There is a suggestion to check if you've rebuild all kernel modules in this thread: https://lists.freebsd.org/pipermail/freebsd-current/2016-March/060260.html

Do you load anything in /boot/loader.conf? That would narrow the list of problematic modules down a bit.


----------



## YuryG (May 6, 2016)

Well, I have in loader.conf sound modules, wlan modules and cuse4bsd. (By the way, I recall there was an option to automatically rebuild kernel modules that are from ports when rebuilding world, wasn't there?)
Also, I had leftovers like fuse.ko, removing it, haven't changed anything. Now I have only one module in /boot/modules. cuse4bsd.ko.


----------



## tobik@ (May 7, 2016)

YuryG said:


> Now I have only one module in /boot/modules. cuse4bsd.ko.

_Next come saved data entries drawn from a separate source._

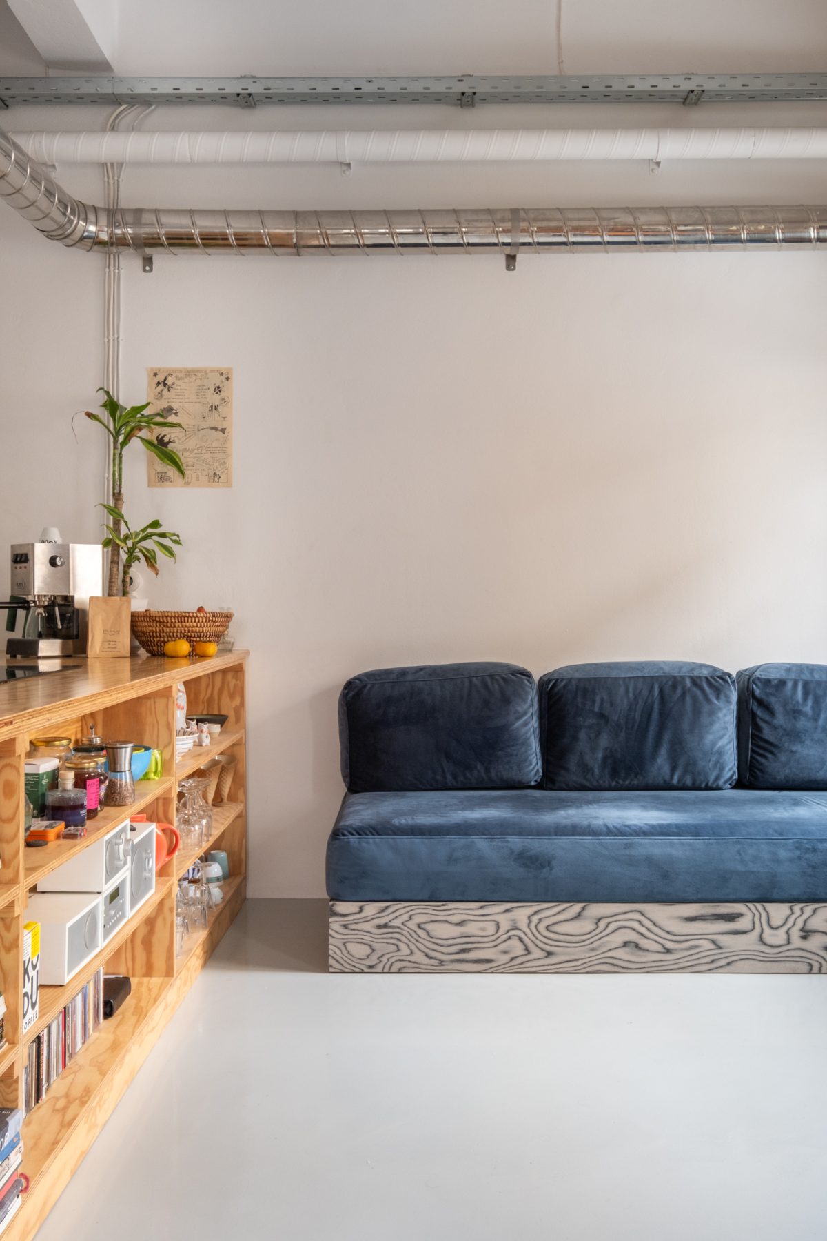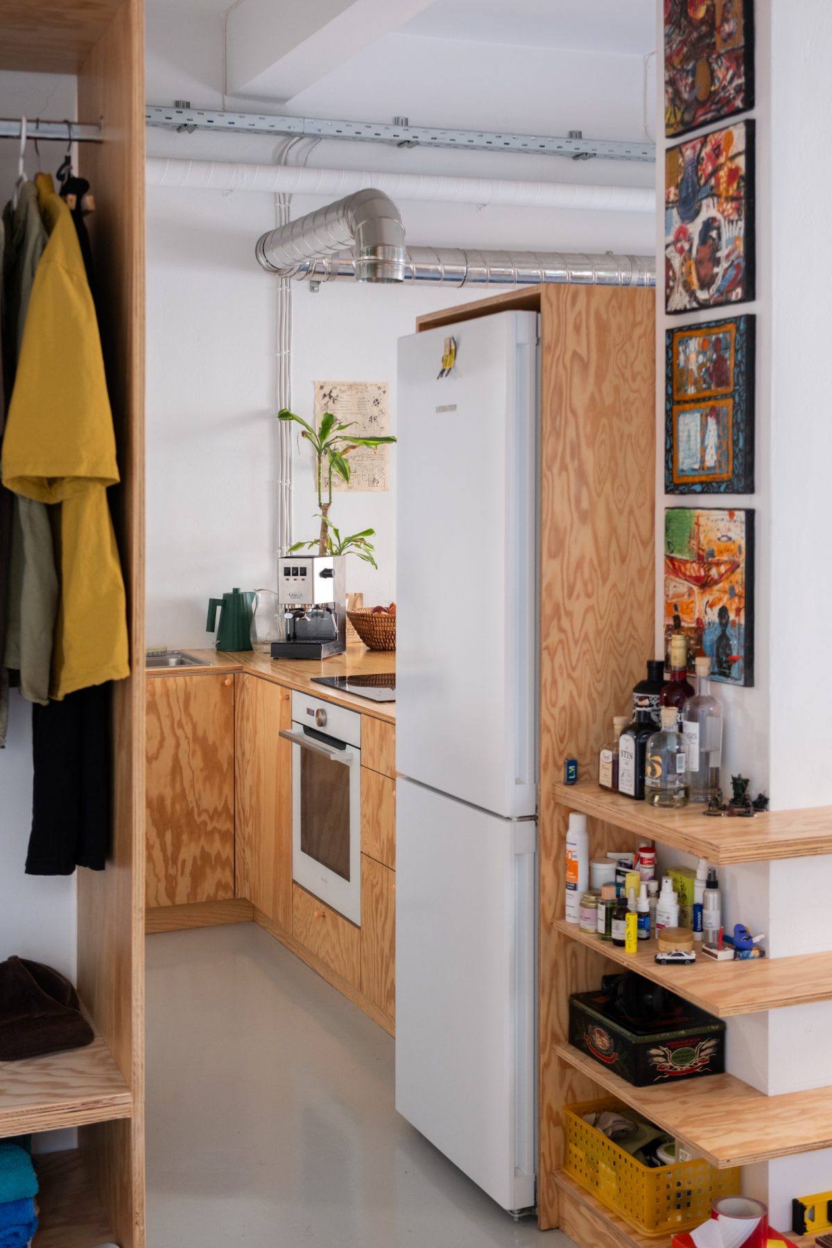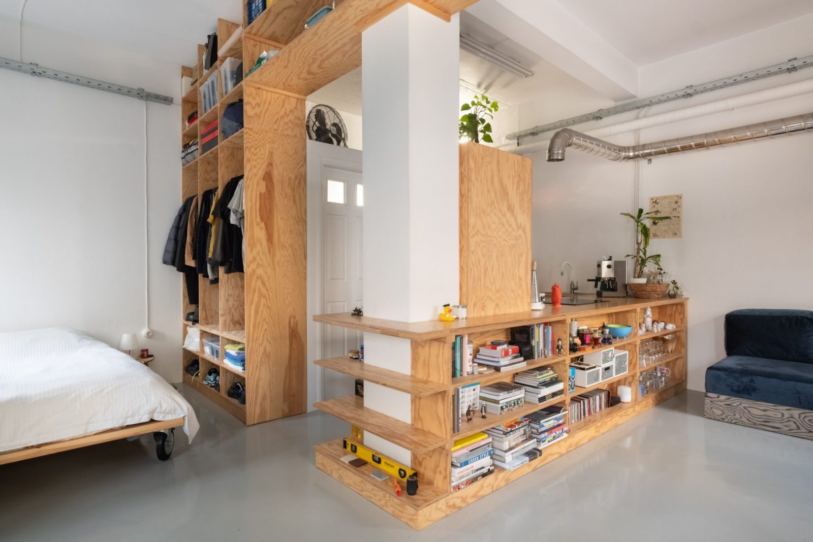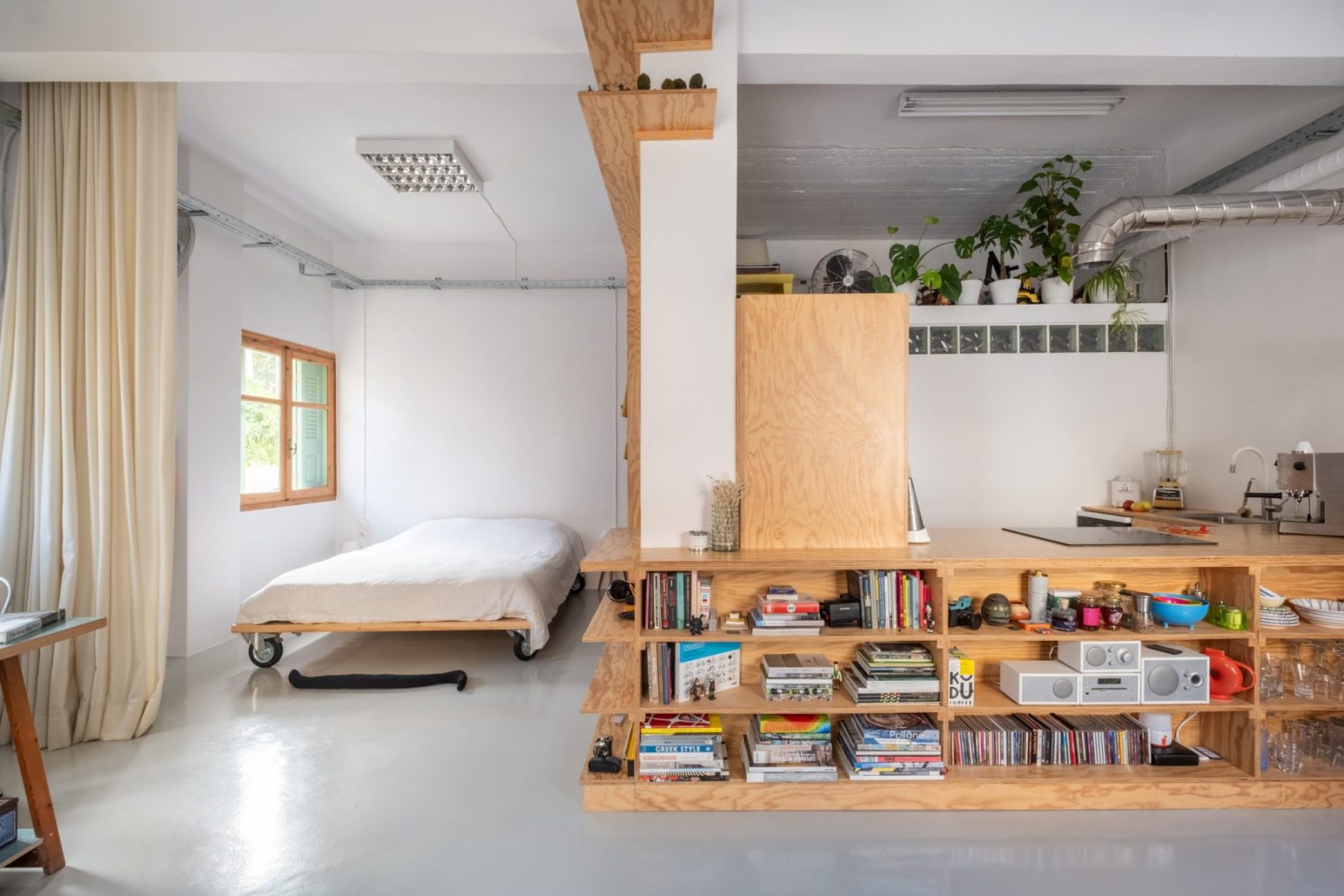 Centering on the need for display — “basically a showcase of myself,” as he puts it — Kouklakis demolishes blind, opaque walls, aiming for a luminous, open plan home studio space organized around a pine plywood multifunctional piece of furniture.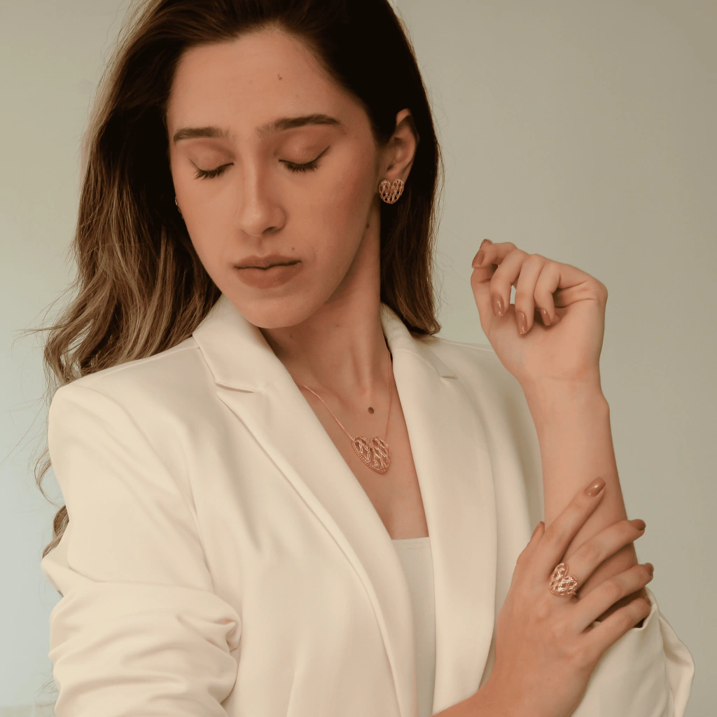 O conjunto coração macramê reúne peças encantadoras que combinam a beleza do coração com a delicadeza do macramê. O colar apresenta um pingente em forma de coração, evocando sentimentos de amor e carinho, enquanto o detalhe em macramê adiciona uma textura única e artesanal à peça. A combinação desses elementos cria um visual romântico e boêmio, perfeito para quem busca uma joia cheia de significado e estilo. Versátil e elegante, este colar pode ser usado sozinho como uma declaração de moda ou combinado com outras peças para criar camadas sofisticadas. Seja para o uso diário ou para ocasiões especiais, o colar ping coração macramê é uma adição encantadora a qualquer coleção de joias. Colar com 40 cm e com extensor de 5 cm. Pingente 2,2 cm x 2,9 cm altura. Peso 5 gr.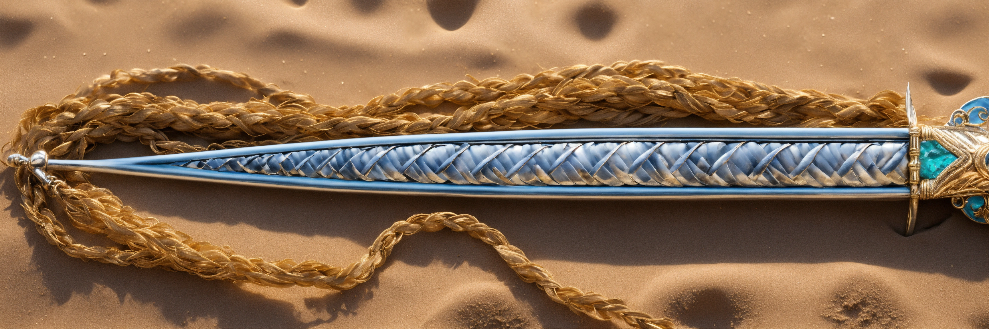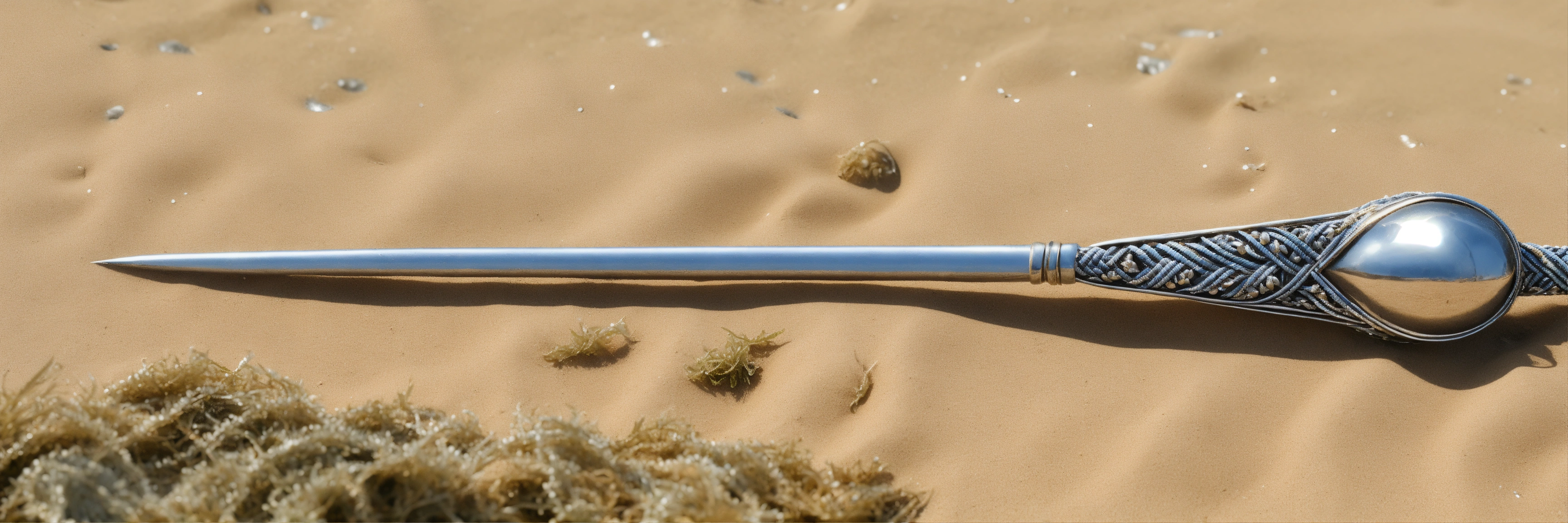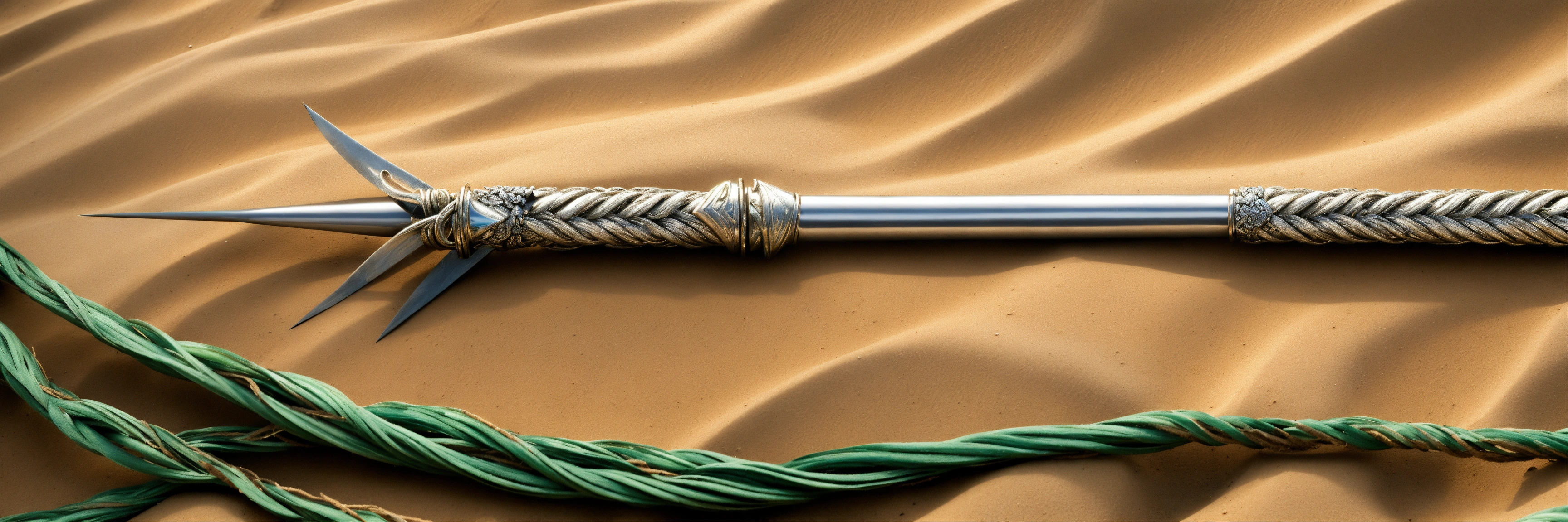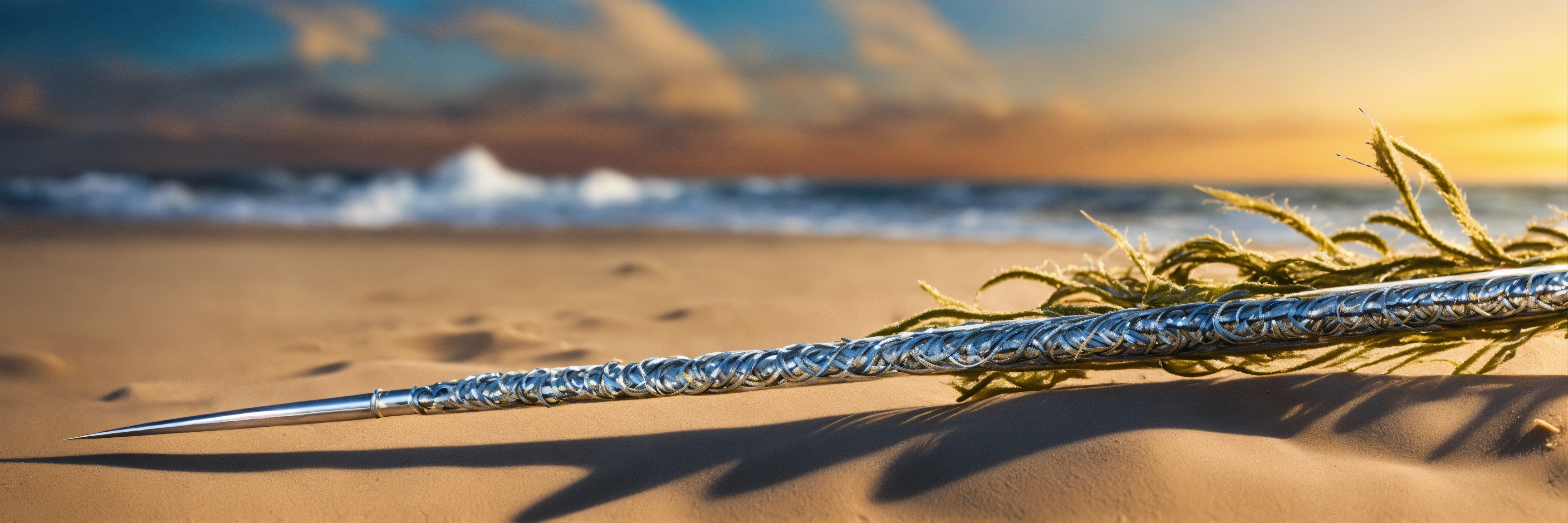 8k, picture of a narrow and delicate toothed spear with barbs made of lunar-silver, highly ornamented, at the bottom there is an eyelet to which a twenty meter long tow line made of braided seaweed is attached, very detailed, ultra realistic, lays on the beach in the sand, fantasy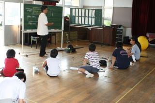7月19日に、学校の野外活動で釣りに行きました。まず最初に学校で島民の方に仕掛けの作り方を教えていただき、その後島内の城之前港に釣りに行きました。港にはイカの子どもがたくさんいました。とてもきれいでかわいらしく、珍しいものをみられました。釣りの方も、あまりたくさんは釣れませんでしたがみんなとても楽しんでいるようでした。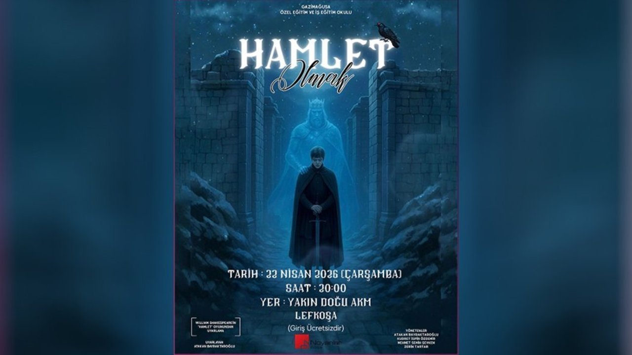William Shakespeare'in 'Hamlet' oyunundan uyarlanan tiyatro oyunu, saat 20.00'de Lefkoşa Yakın Doğu Üniversitesi (YDÜ) Atatürk Kültür ve Kongre Merkezi'nde sahnelenecek. Giriş, halka açık ve ücretsiz olacak.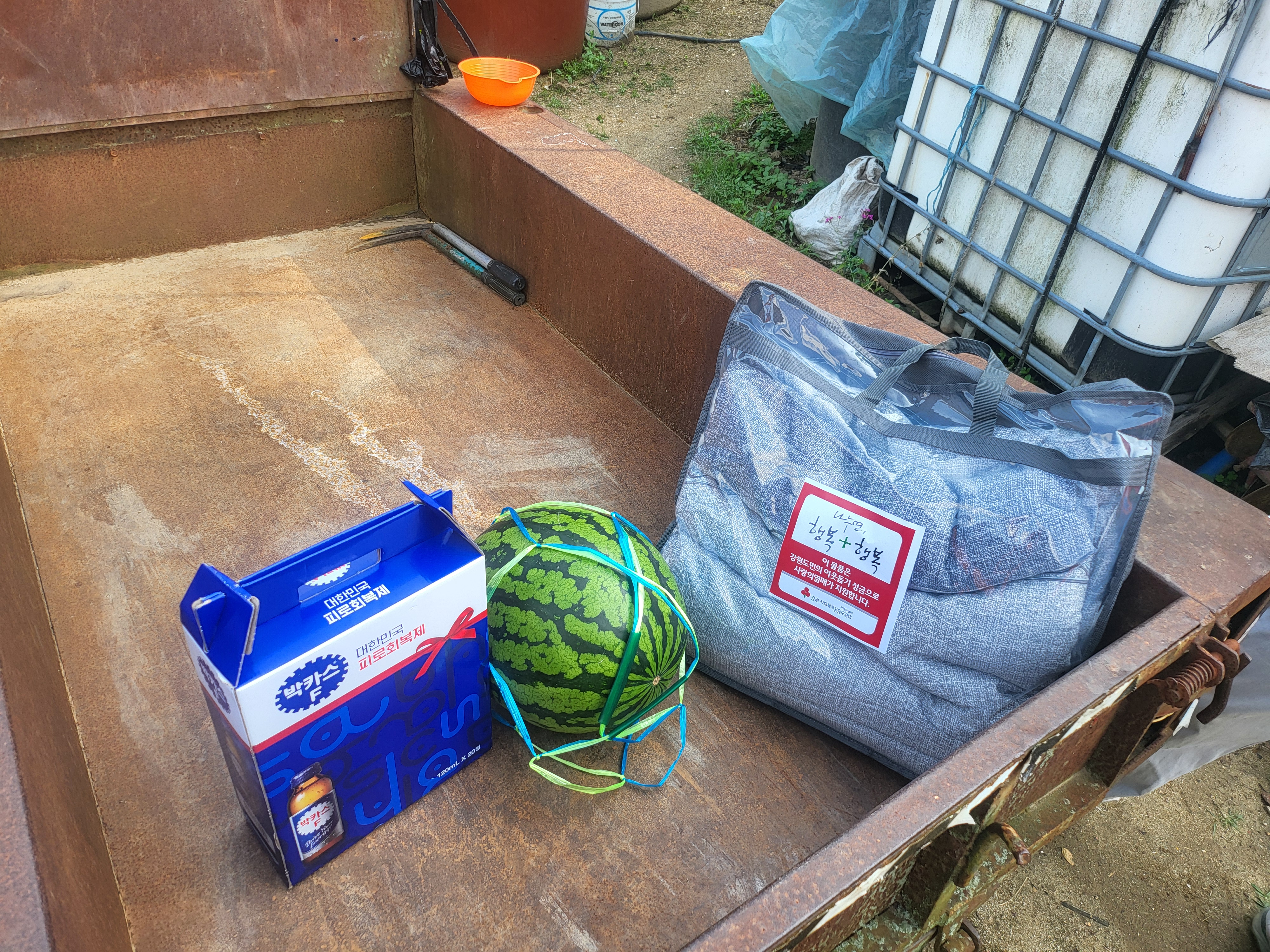 여름맞이 홑 이불 및 수박, 음료수 전달

If you comment it out in /boot/loader.conf does the message go away?



YuryG said:


> (By the way, I recall there was an option to automatically rebuild kernel modules that are from ports when rebuilding world, wasn't there?)


Yes, it's PORTS_MODULES (see make.conf(5)).


----------



## YuryG (May 8, 2016)

No, the message stays with commented cuse4bsd. And on another machine (i386) there was never any cuse4bsd, but the message exists.


----------